4. A Critical Analysis of the Clinical Experience of This Therapeutic Alternative

These experimental results laid the groundwork for clinical studies aimed at establishing the true efficacy of this therapeutic approach in humans with EFIE.

The first one, conducted by Gavalda et al. [21] was an observational, multicenter, open-label clinical trial designed to evaluate the efficacy and the safety of treatment with ampicillin, 2 g every 4 h, plus ceftriaxone, 2 g every 12 h, as an antimicrobial option in patients with endocarditis caused by E. faecalis with or without HLAR. The clinical cure, defined as the resolution of the clinical findings of endocarditis with no evidence of active endocarditis at both the end of treatment and 3-month follow-up visit, achieved the rate of 67.4% (29 of 43 patients) among all patients. The treatment-related mortality rate of patients with HLAR EFIE was 28,6%, similar to rates reported in previous studies. With regard to adverse events, the double beta-lactam combination was well tolerated and only two patients had treatment-related side effects and no case of nephrotoxicity was recorded.

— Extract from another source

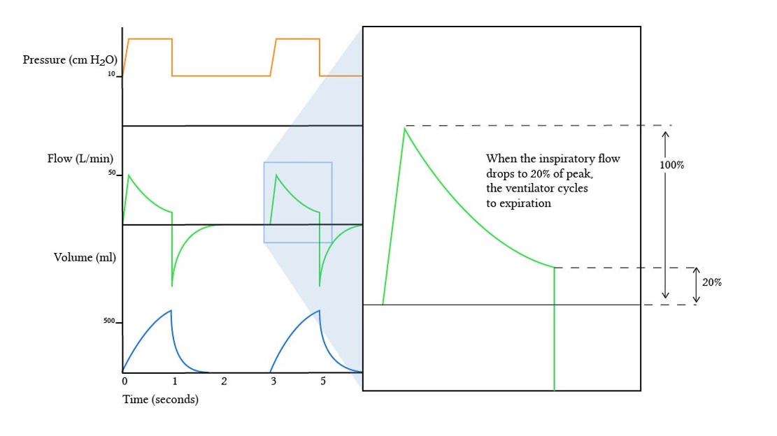 • The ventilator cycles into the expiratory phase once the flow has decreased to a predetermined value during inspiration

Notwithstanding the substantial limitations given by the small size of the sample, the lack of a random assignment and the delayed inclusion of patients with non-HLAR EFIE, the study provided significant results supporting the employment of double beta-lactam combination as an effective treatment for patients with HLAIR EFIE and, in addition, as a wise option for patients with high risk of nephrotoxicity, regardless of strain susceptibility.

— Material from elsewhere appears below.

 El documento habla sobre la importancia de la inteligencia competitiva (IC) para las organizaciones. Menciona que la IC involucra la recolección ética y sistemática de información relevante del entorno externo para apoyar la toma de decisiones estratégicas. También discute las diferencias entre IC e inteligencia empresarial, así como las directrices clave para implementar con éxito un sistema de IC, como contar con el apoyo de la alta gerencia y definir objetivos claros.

With the aim of shedding light on this challenging issue, Pericas et al. [22] performed a monocenter retrospective analysis of a prospective cohort of EFIE patients treated from 1997 to 2011, with the objective to assess resistance patterns, epidemiology and clinical outcomes. Interestingly, through the collection and analysis of epidemiological data, the authors detected an overwhelming increase in EFIE caused by HLAR strains over the course of the last years, along with an increase in the use of A+C therapy. Although the statistical power of results is limited by the small sample size, these data appear meaningful, indeed presenting a similar trend to the most recent reported relapse rates. Furthermore, similarly to Fernandez-Hidalgo and colleagues, the authors did not detect a significant difference in in-hospital mortality (27% vs. 23%), 1-year mortality (29% vs. 26%) and relapse rate (2 vs. 3) between patients respectively treated with A+G and those treated with A+C. Despite the survival and regression analyses showing no statistical difference in 1-year mortality between the two treatments, these parameters cannot be used to conclude that there are no clinical differences between groups because the study was not powered to detect this. Of note, patients who received A+G presented a higher incidence of renal failure during treatment, requiring a therapeutic switch to A+C and further influencing the results.